Ciena's bid to acquire Cyan pushes the packet-optical vendor deeper into the SDN/NFV software market, giving Ciena the keys to Cyan's Blue Planet ecosystem just as that software platform is starting to gain real traction with service providers.
Announced this morning, the $400 million deal comes as traditional network hardware vendors like Ciena are looking to stake a claim in the SDN/NFV race. Cyan, one of the smaller players in the optical networking market, has pursued SDN/NFV orchestration for service provider networks more aggressively than most, and recently announced a long-awaited contract with CenturyLink for its Blue Planet orchestration software. (See Ciena to Acquire Cyan for $400M and Cyan's CenturyLink Win Built on Experience, Flexibility.)

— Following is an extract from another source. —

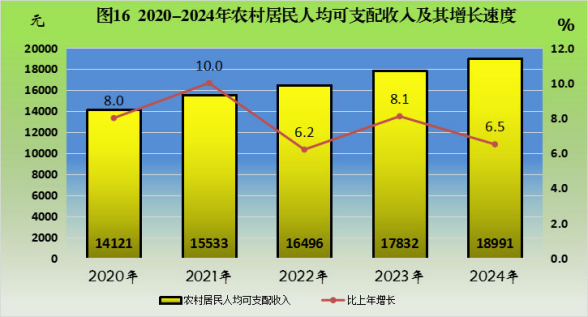 城乡收入比值为2.49:1,比上年缩小0.06,城乡居民收入差距进一步缩小。

Ciena Corp. (NYSE: CIEN) has long been a fan of the open networking model espoused by Cyan Inc. , as demonstrated by Ciena's own OPn network architecture. Last year, Ciena augmented that commitment by announcing its Agility Matrix platform, focused on enabling virtual network functions at the enterprise edge. Adding Cyan's Blue Planet will give Ciena a higher-level SDN play across service provider networks. (See and Ciena Amps Up Software Play, Attacks VNF 'Agility Gap'.)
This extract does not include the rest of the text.